Despite being just formed three years ago during the merger, we have, under our belt, 60 years of proven track record and a unique ability to deliver projects with consistent safety standards and quality across a large global manufacturing footprint that presents scalability, geopolitical diversity, and some cost arbitrage opportunities. These are not competitive levers that many players around the world have. We do not ever stop evolving. We have been in business for over 60 years. We are not new to change. We are still standing strong today because we have successfully evolved alongside the industry, which is essentially critical now, as the whole world is in transition towards cleaner energy sources. This is only possible with robust capabilities in technology development, where we take a practical, market-led approach to innovation to stay ahead and maintain our long-term competitive edge.

Today, we own proprietary designs, such as FLEXHull, that we are already using in active FPSO tenders to sharpen our competitive edge, where proposed designs are evaluated as part of the bid. We also develop our own designs for FLNG and offshore substation, which has recently attained AIP. Longer term, we are also developing solutions for floating wind and other emerging energies to ensure we remain ahead of the curve. Our series build approach, design once, build many, reduces execution risks, shorten schedules, and improve margins, ensuring projects are delivered safely, on time, on quality, and within budget. Today, about 95% of our net order book comprises series build projects, underscoring the strength and scalability of this approach.

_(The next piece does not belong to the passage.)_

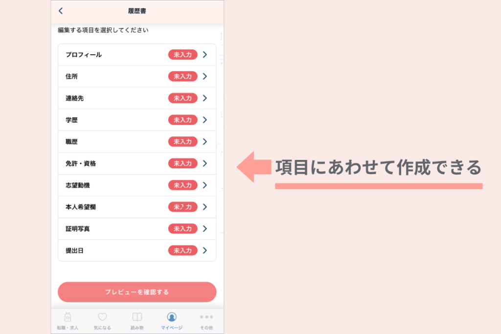 保存前に履歴書フォーマットの形式でプレビューができるので、直したい項目に戻って修正したり追加したりといった作業も自由自在にできます。

On top of the existing franchises in gray, where we established the series build strategy, we're expanding this to Powerships where we see strong potential, as well as applying the same principle to FSU/FSRU conversion, especially since we already done 90% of the world's FSU/FSRU conversion, which is an unparalleled track record worldwide. Last August, we signed an LOI with a long-term partner, Karpowership, for the integration of four new generation Powerships, plus the option for two more, a strong endorsement of our capability and scalability in this adjacent segment. Integration works will start 1 Q, 2027. The LOI also includes conversion, life extension, and repairs of three LNG carriers into FSRUs. These are examples of higher value work that we are refocusing our repair and upgrade business on. These capabilities and high-value franchises will position us well for the next wave of opportunities.

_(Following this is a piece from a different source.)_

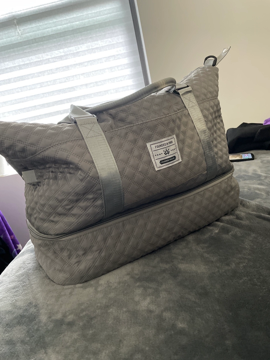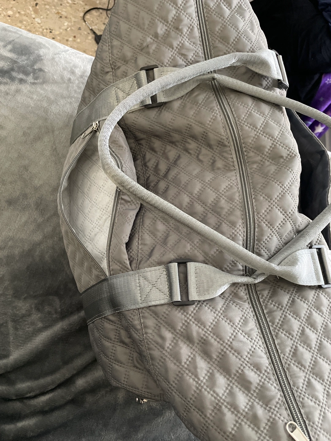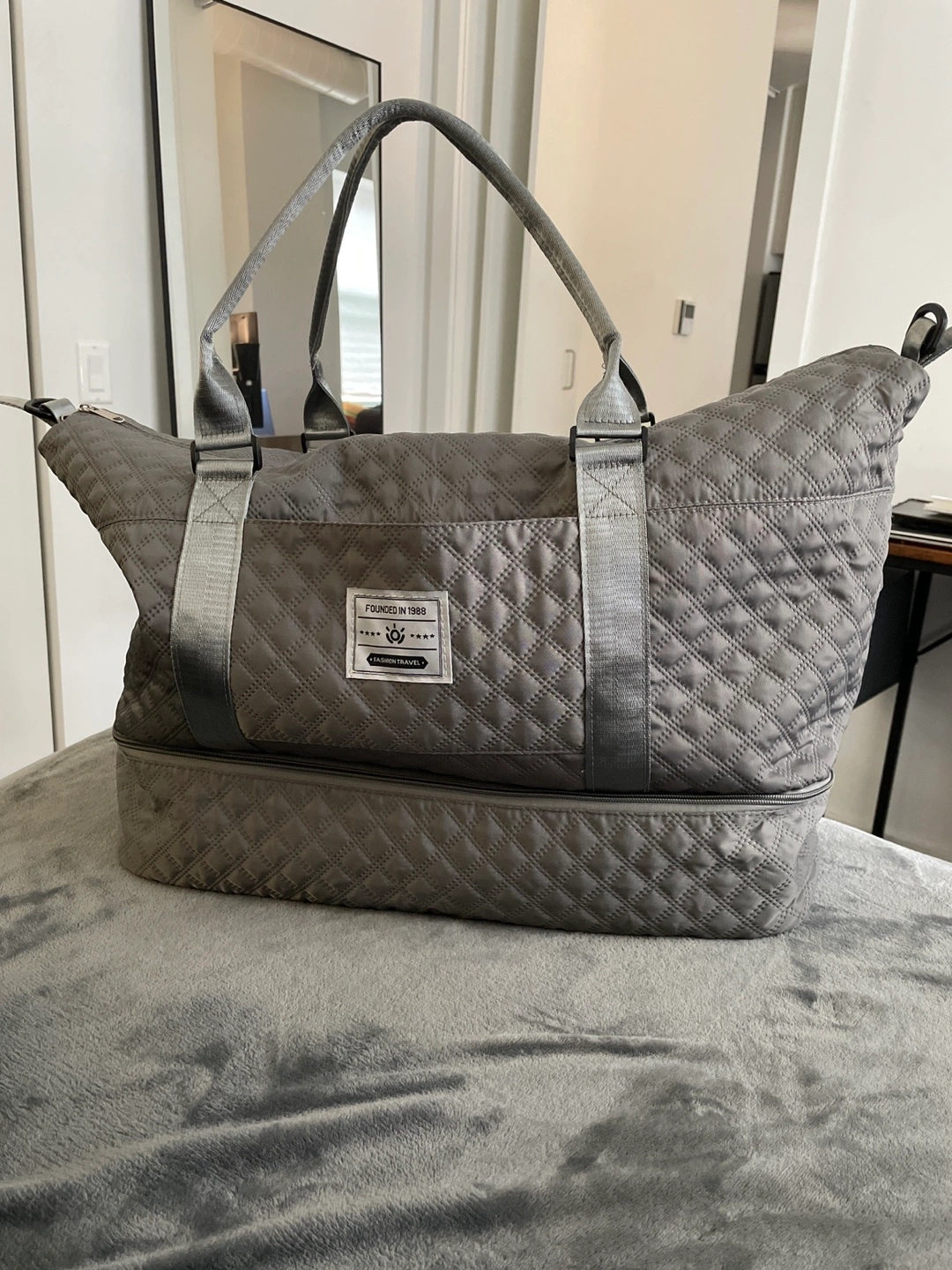 This is a Dark Grey Weekender Bag with two zipper pockets.

Our $32 billion opportunity pipeline over the next 24 months is diversified across segments, geography, and asset types, some of which offer distinct market cycles for business resilience. Many of these opportunities are also aligned to our series build franchises. Over the next 24 months, we are pursuing $23 billion in oil and gas opportunities, driven mainly by Americas region. We still see strong opportunities in Brazil, where our long-term customer has disclosed its pipeline for the next five years. This is also where we have strong leadership for local content through our three established yards. We are also well positioned in Guyana for high-value integration work and topside fabrication, where we have participated in all of the FPSO work for the Stabroek Block so far.

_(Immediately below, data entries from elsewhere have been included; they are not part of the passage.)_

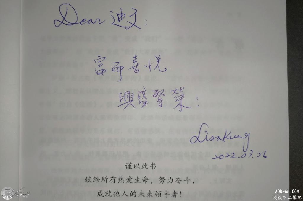 由一年多前客戶關係演變到伙伴甚至朋友的關係,一直受到龔靖淳(Lisa)老師的愛護,不只多次邀約筆者拍攝,也不斷提供滋養成長的進修資訊。這次3月底再度受邀到台南大飯店拍攝記錄USANA系統年會的點點滴滴,活動結束時,不是受訓學員的筆者,也獲得一本能力培訓的秘技書籍,內頁裡還有龔老師親筆簽名,非常感動。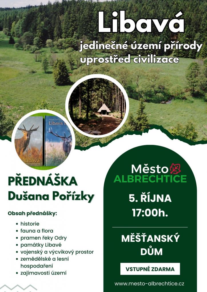 Město Albrechtice a Dušan Pořízka zvou na přednášku s názvem "Libavá - jedinečné území přírody uprostřed civilizace", která se uskuteční ve čtvrtek 5. října 2023 od 17:00 hodin v Měšťanském domě.
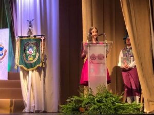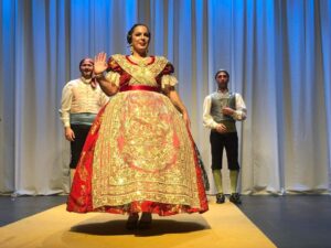 Llegado este punto, tuvo lugar el apoteosis enlazado con la segunda parte del espectáculo, dando paso al momento culminante que fue el maravilloso discurso de la mantenedora Nerea López Maestre, que tuvo palabras amables y llenas de amor a las falleras mayores, a la Junta local y a la ciudad.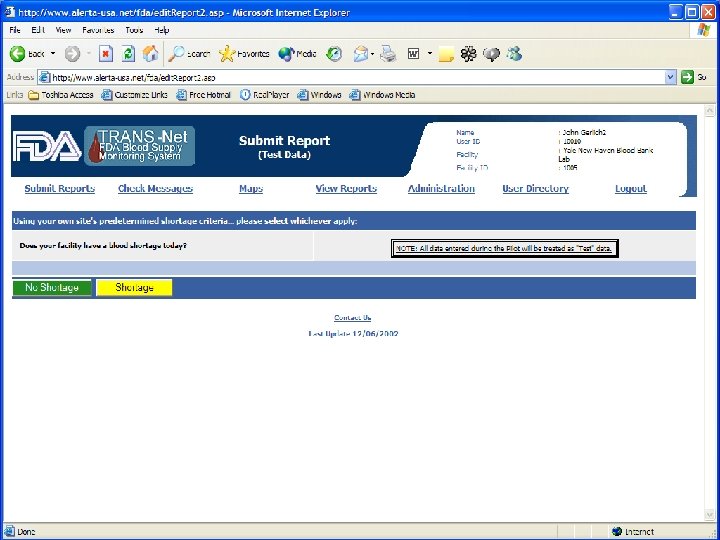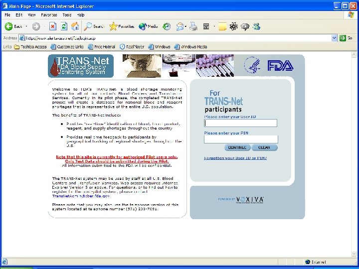 TRANS-Net Future • Phase I - Pilot (nine sites) 1/6/03 – 2/28/03 • Discussion within HHS/OMB Review • Phase II - Roll-out to several hundred participants – Monitoring at regional level – Functional mapping • Phase III- Full population of 145 blood centers and 5000+ transfusion services • Other uses: blood center inventory, platelet supply, adverse event reporting, supply/reagent shortage, electronic blood product request, public blood “thermometer”

Apart from the usual opportunities that the market expects, we are also pursuing opportunities in FLNGs and fixed platform in the Middle East and Africa region, and to a smaller extent, in Europe and Asia Pacific. For offshore wind, Europe remains the largest and the most developed market, driven by its energy security needs. TenneT continue to be an important customer for us as we pursue opportunities in both Netherlands and Germany. With the award of BalWin5, it demonstrates TenneT's confidence in our ability to deliver, and we are ready to scale up and take on more HVDC projects when the opportunity arises. Meanwhile, we will also continue to pursue opportunities from other European TSOs, as well as HVAC deals in Asia. We have also identified $2 billion in conversion opportunities, such as those with Karpowership that I've mentioned earlier.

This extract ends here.